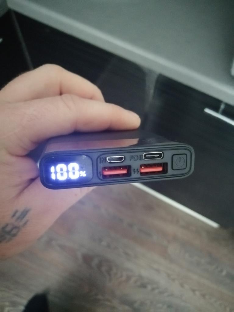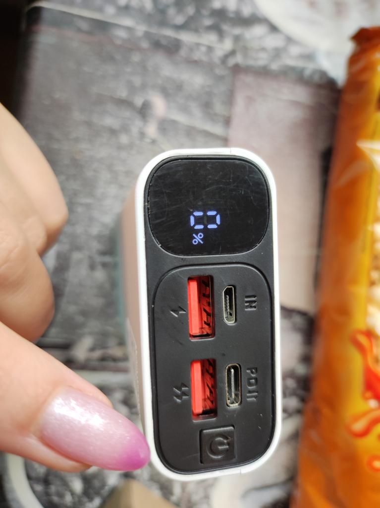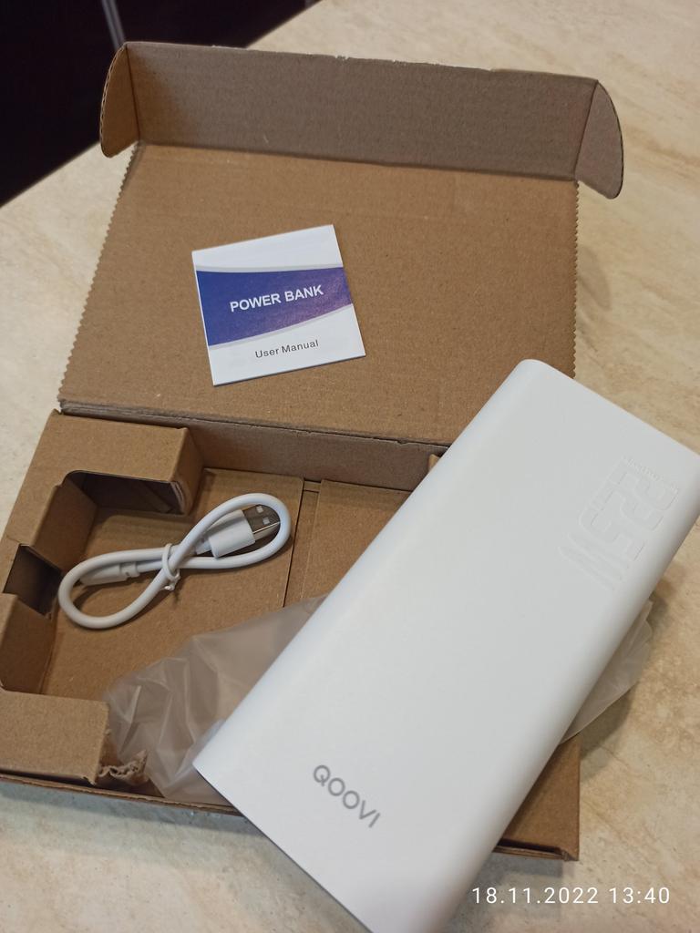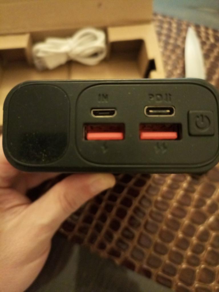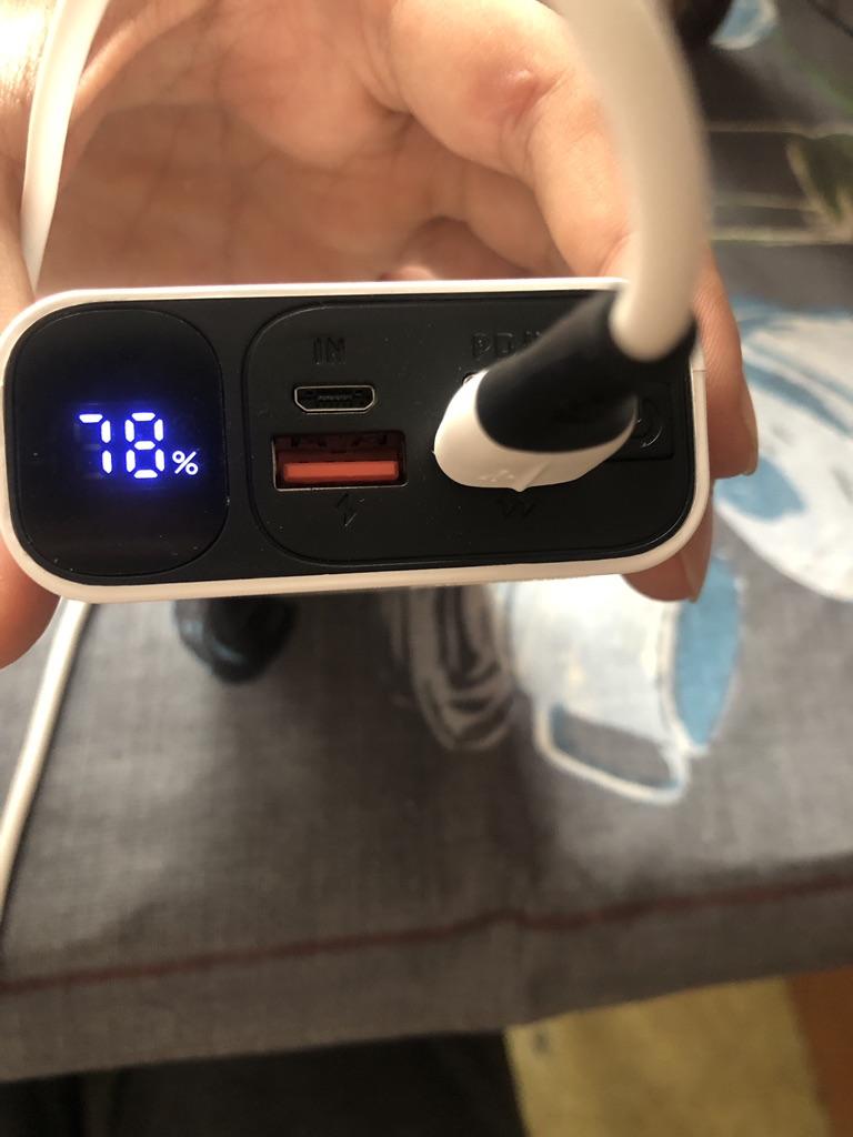 An excellent power bank, it corresponds in terms of charging speed, in terms of mah too. It's frustrating just when it was delivered, its "ideal" appearance would have been destroyed, the film was slightly peeled off (seen in the photo). Comes with a cord that supports fast charging.
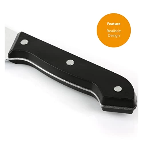 The knife looks realistic from a distance and it’s lightweight. The knife was delivered next day and my daughter is happy with it to go with her Halloween costumes.
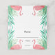 Charming wedding place card with a couple of flamingos and bright greenery, filled with printed watercolor texture, on both the cover and the back. The inside features a matching tropical leaf pattern in pink and white.
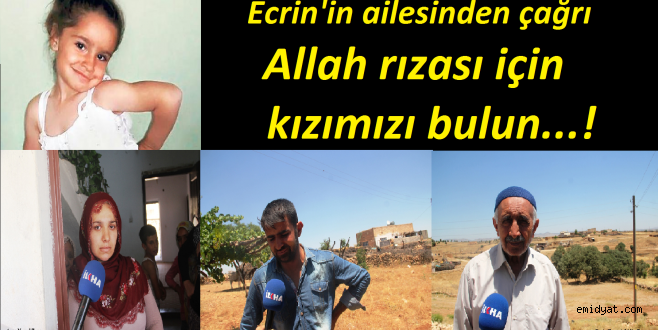 Evlat acısıyla gözyaşları içinde konuşan Ecrinin babası Bekir Tunç, “Tüm Türkiye’ye sesleniyorum, kızımı gören veya alan Allah rızası için getirsinler. Ne isterlerse vermeye hazırız. Allah rızası için kızımı bulun.” dedi.
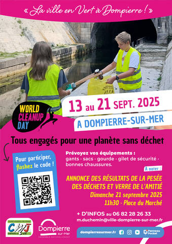 Chaque année, le Conseil Municipal des Jeunes de Dompierre-sur-Mer (CMJ) vous propose de participer au World CleanUp Day, journée mondiale du nettoyage de la planète.
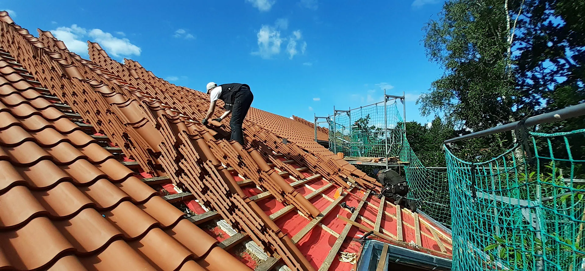 Neueindeckung oder Sanierung von Steil-/ Flachgeneigten Dächern mit Ton-/ Betonziegel, Schiefer und Metall.
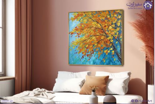 تابلوه مودرن يجسد ببراعة مشهد شجرة خريفية تتراقص اوراقها الصفراء والبرتقالية بأسلوب فني تجريدي انطباعي يعتمد على ضربات الفرشاة السميكة والبارزة التي تخلق ملمسا حيا على سطح اللوحة، حيث تتناغم الالوان الدافئة مع الخلفية الزرقاء الهادئة لتضيف قطعة فنية مليئة بالحياة والطاقة والدفء الى اي مساحة و تضفي عليها لمسة من الاناقة و الجمال., متوفر بمقاسات متعددة يمكنك اختيار او تغيير المقاس عند الطلب ,بتصميم مميز لـ تابلوهات مودرن, تابلوهات مودرن , لوحات فنية مودرن اشجار, مناظر طبيعية , التابلوه يغلب عليه الالوان ازرق - تركواز, اصفر, برتقالى, قوى و زاهى , و مصمم بالشكل التالى 1 قطعه , ببرواز, برواز ذهبى, مربع , مناسب لديكور حوائط غرفة الاستقبال, غرفة المعيشة, غرفة النوم, مدخل المنزل, مكاتب – شركات - اعمال , و هو يتميز بالسمات التالية : الوان زيتية - اكريليك, لوحات فنية, مظهر بارز, مودرن , متوفر الان فى مصر و يأتى جاهز للتركيب مع دليل التركيب و اكسسوارات التركيب اللازمه
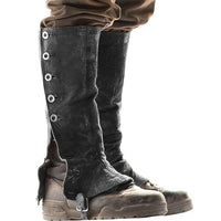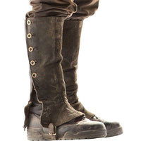 These spats are made from durable brown duck cloth to ensure a long life of comfort and style. They measure 17 inches long, 19 inches at the widest part of the calf, 16.5 inches at the ankle and are worn from below the knee to the ankle. They are a size large and meant to be worn with pants to keep them tight. Secures to your boot with a strap and buckle.
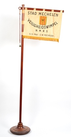 Witte vlag met gele franjes aan een houten staander. Op de vlag staat in het midden het wapenschild van de stad Mechelen. Daarboven het opschrift 'stad Mechelen' en onder het wapen 'veiligheidswimpel N.M.B.S. 5-5-1961 C.W. Mechelen'. Bovenaan de vlag hangt nog een kleine bruine vaandel met kwast waar 'Mechelen 1961' op staat.
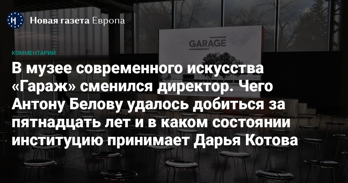 17 апреля московский музей современного искусства «Гараж», принадлежащий Роману Абрамовичу и Дарье Жуковой, объявил о смене директора. Свой пост покинул арт-менеджер Антон Белов, руководивший институцией с 2010 года. «Гараж» возглавила Дарья Котова, работающая в нем уже больше 15 лет. Замены музейных директоров в последние годы привлекают внимание и, как правило, пугают. Изменения в «Гараже» отличаются и скорее свидетельствуют о подводных течениях в музее.
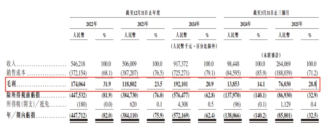 營收質(zhì)量層面看,云天勵飛的毛利率整體不到30%。由于云天勵飛的AI芯片不涉及芯片制造,公司整體定位是Fabless廠商。以國內(nèi)同類型公司對比,云天勵飛的毛利率屬于較低水平,低于同樣做AI芯片的寒武紀(55.99%)、做國產(chǎn)CPU的龍芯中科(38%)、做國產(chǎn)CPU和AI芯片的海光信息(61.69%)。也低于近期沖刺上市的國產(chǎn)GPU公司,沐曦的55%(2020年一季度)和摩爾線程的70%(2024年度)。
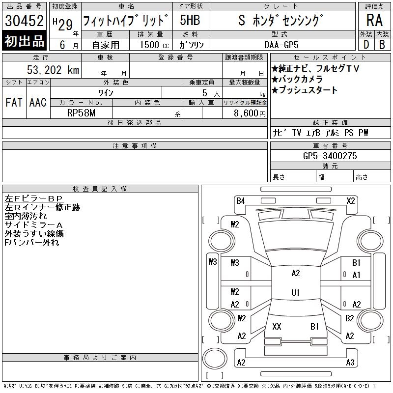 HONDA FIT HYBRID S HONDA SENSING - лот 30452

What you are asked to do >> All of the entries above should be retyped exactly, with the pictures left out.

Solved problem >>
 An excellent power bank, it corresponds in terms of charging speed, in terms of mah too. It's frustrating just when it was delivered, its "ideal" appearance would have been destroyed, the film was slightly peeled off (seen in the photo). Comes with a cord that supports fast charging.
 The knife looks realistic from a distance and it’s lightweight. The knife was delivered next day and my daughter is happy with it to go with her Halloween costumes.
 Charming wedding place card with a couple of flamingos and bright greenery, filled with printed watercolor texture, on both the cover and the back. The inside features a matching tropical leaf pattern in pink and white.
 Evlat acısıyla gözyaşları içinde konuşan Ecrinin babası Bekir Tunç, “Tüm Türkiye’ye sesleniyorum, kızımı gören veya alan Allah rızası için getirsinler. Ne isterlerse vermeye hazırız. Allah rızası için kızımı bulun.” dedi.
 Chaque année, le Conseil Municipal des Jeunes de Dompierre-sur-Mer (CMJ) vous propose de participer au World CleanUp Day, journée mondiale du nettoyage de la planète.
 Neueindeckung oder Sanierung von Steil-/ Flachgeneigten Dächern mit Ton-/ Betonziegel, Schiefer und Metall.
 تابلوه مودرن يجسد ببراعة مشهد شجرة خريفية تتراقص اوراقها الصفراء والبرتقالية بأسلوب فني تجريدي انطباعي يعتمد على ضربات الفرشاة السميكة والبارزة التي تخلق ملمسا حيا على سطح اللوحة، حيث تتناغم الالوان الدافئة مع الخلفية الزرقاء الهادئة لتضيف قطعة فنية مليئة بالحياة والطاقة والدفء الى اي مساحة و تضفي عليها لمسة من الاناقة و الجمال., متوفر بمقاسات متعددة يمكنك اختيار او تغيير المقاس عند الطلب ,بتصميم مميز لـ تابلوهات مودرن, تابلوهات مودرن , لوحات فنية مودرن اشجار, مناظر طبيعية , التابلوه يغلب عليه الالوان ازرق - تركواز, اصفر, برتقالى, قوى و زاهى , و مصمم بالشكل التالى 1 قطعه , ببرواز, برواز ذهبى, مربع , مناسب لديكور حوائط غرفة الاستقبال, غرفة المعيشة, غرفة النوم, مدخل المنزل, مكاتب – شركات - اعمال , و هو يتميز بالسمات التالية : الوان زيتية - اكريليك, لوحات فنية, مظهر بارز, مودرن , متوفر الان فى مصر و يأتى جاهز للتركيب مع دليل التركيب و اكسسوارات التركيب اللازمه
 These spats are made from durable brown duck cloth to ensure a long life of comfort and style. They measure 17 inches long, 19 inches at the widest part of the calf, 16.5 inches at the ankle and are worn from below the knee to the ankle. They are a size large and meant to be worn with pants to keep them tight. Secures to your boot with a strap and buckle.
 Witte vlag met gele franjes aan een houten staander. Op de vlag staat in het midden het wapenschild van de stad Mechelen. Daarboven het opschrift 'stad Mechelen' en onder het wapen 'veiligheidswimpel N.M.B.S. 5-5-1961 C.W. Mechelen'. Bovenaan de vlag hangt nog een kleine bruine vaandel met kwast waar 'Mechelen 1961' op staat.
 17 апреля московский музей современного искусства «Гараж», принадлежащий Роману Абрамовичу и Дарье Жуковой, объявил о смене директора. Свой пост покинул арт-менеджер Антон Белов, руководивший институцией с 2010 года. «Гараж» возглавила Дарья Котова, работающая в нем уже больше 15 лет. Замены музейных директоров в последние годы привлекают внимание и, как правило, пугают. Изменения в «Гараже» отличаются и скорее свидетельствуют о подводных течениях в музее.
 營收質(zhì)量層面看,云天勵飛的毛利率整體不到30%。由于云天勵飛的AI芯片不涉及芯片制造,公司整體定位是Fabless廠商。以國內(nèi)同類型公司對比,云天勵飛的毛利率屬于較低水平,低于同樣做AI芯片的寒武紀(55.99%)、做國產(chǎn)CPU的龍芯中科(38%)、做國產(chǎn)CPU和AI芯片的海光信息(61.69%)。也低于近期沖刺上市的國產(chǎn)GPU公司,沐曦的55%(2020年一季度)和摩爾線程的70%(2024年度)。
 HONDA FIT HYBRID S HONDA SENSING - лот 30452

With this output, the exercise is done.